**Supplied data**
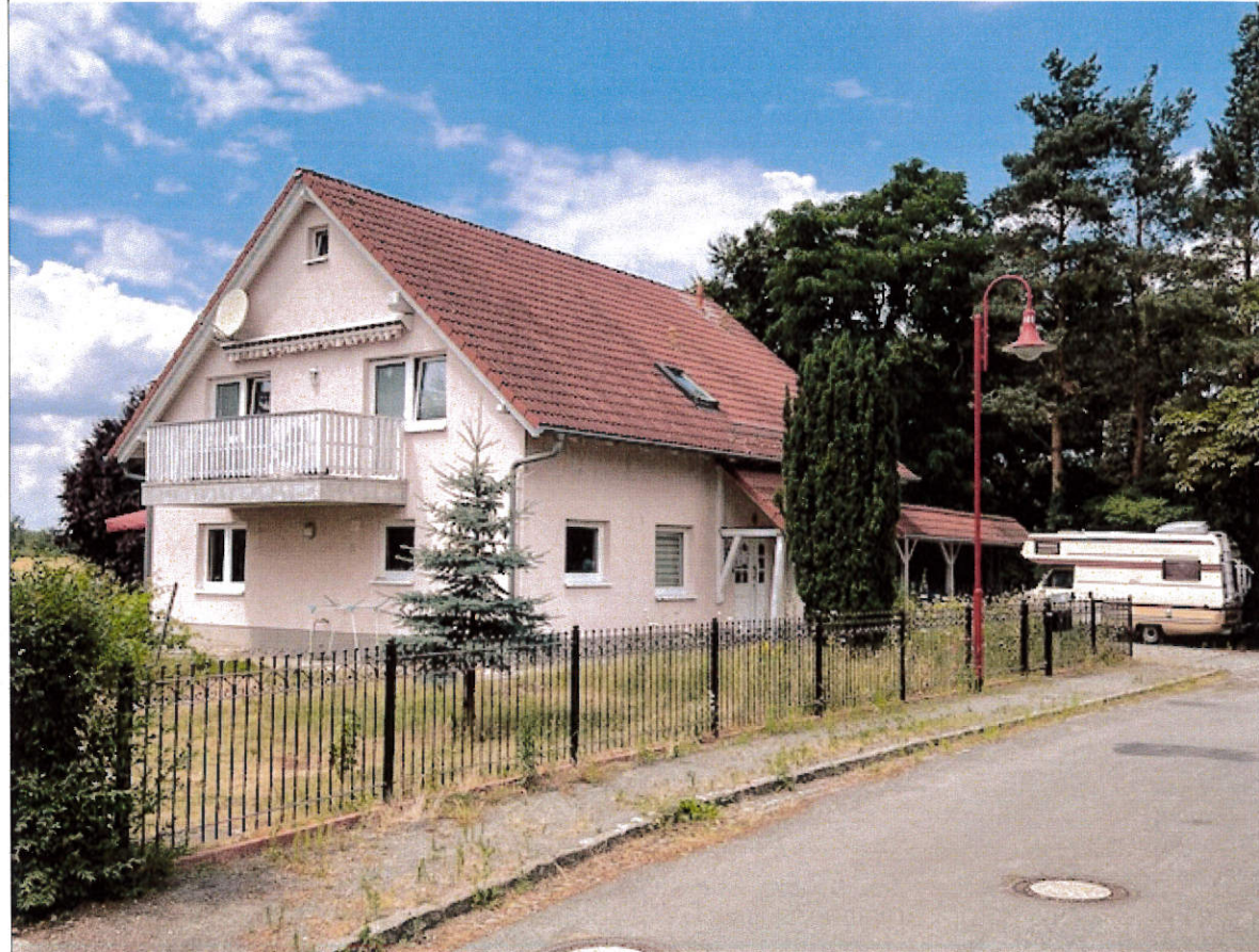
Robert-Bothe-Str. Nr. 11
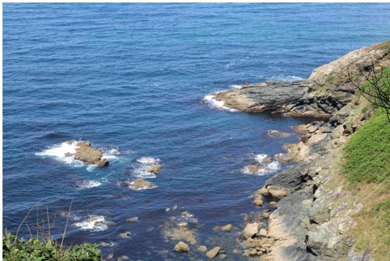
Punta do Cociñadoiro ou Pedras Negras

A pista de terra que segue desde San Miro lévanos ao Ceán desde onde se pode continuar ata Ardeleiro para ver os Muíños da Ribeira

**Your assignment**
All that the answer may hold is the lines from the one with "Punta do Cociñadoiro ou Pedras Negras" through the end of the data, set down exactly as they appear.

**Answer space**
Punta do Cociñadoiro ou Pedras Negras

A pista de terra que segue desde San Miro lévanos ao Ceán desde onde se pode continuar ata Ardeleiro para ver os Muíños da Ribeira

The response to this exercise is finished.